On Wed, Dec 15, 2010 at 3:40 PM, Jeff Frontz <jeff.frontz at gmail.com> wrote:
> I don't know enough about lucene to say for certain, but I think it's
> effectively just a search engine, right?  Maybe I'm missing something, but I
> think Google works well enough for me for that.
> What I need is something that will actually notify me of events of interest
> (where I can define interest based on more than just a keyword -- I would
> like geographic and probably temporal constraints/weighting as well -- e.g.,
> "if the topic of the event is something that I'm vaguely interested in and
> the event occurs weekdays before 7:00pm and it occurs within the
> 43201/43210/43212/43202 ZIP codes, please notify me".  Oh, with the
> previously mentioned "if there is a large enough 'buzz' about an event
> outside these bounds, tell me about that, too").  I think this "thing" will
> need to have a critical mass of members who are publicizing things that they
> see/hear about (as well as things that they're hosting/sponsoring) --
> crowdsourcing FTW.
> But, a general "'truly technical events in central Ohio' mailing list" would
> probably be good enough for the time being.  It would almost certainly need
> to be moderated and need to initially put synopses of events on other
> mailing lists (because there will always be folks who "do twitter" but don't
> "do meetup", etc.), at least until it is a well-defined nexus.  And the
> moderator(s) will need to be ruthless in tossing away things like "SEO your
> way to riches", "obtaining stimulus funding to weatherize your marketing
> cube", "learning about the next noun-turned-verb concept that will compel
> you to buy my services", and "schmooze away your night with our sales droid"
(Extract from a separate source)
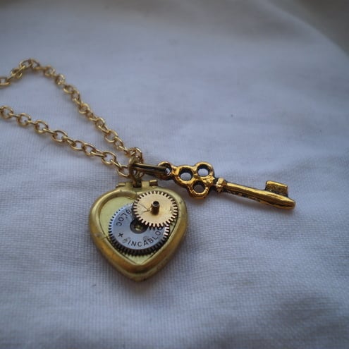 You have My Heart, My Love and My Time locket. This little locket is Vintage 1950's and opens so that you can add a small picture of your own or personalize it if it is a gift to someone. The front of the locket has two tiny watch parts from a vintage pocket watch... and finally a cute key for accent. The goldtone chain is 18 inches.

> [no offense to the mobile phone].
>
> Oh, the other place I was thinking about before
> is http://www.developerfusion.com.  It has a lot of potential, but it really
> needs more local content to be viable.  And it needs a better (or at least
> more obvious) way of defining locality.
> Jeff
>
>
> On Wed, Dec 15, 2010 at 2:33 PM, Tom Hanlon <tom at functionalmedia.com> wrote:
>>
>> Enough joking around.. What would perhaps be useful and might be a subset
>> of the functionality that you envision.. would be an aggregator of all the
>> local mail lists, group blogs, individual publications that  are somehow
>> Columbus or Ohio based, and technical and then use lucene or other full text
>> document indexer to deliver a faceted search interface to the sources.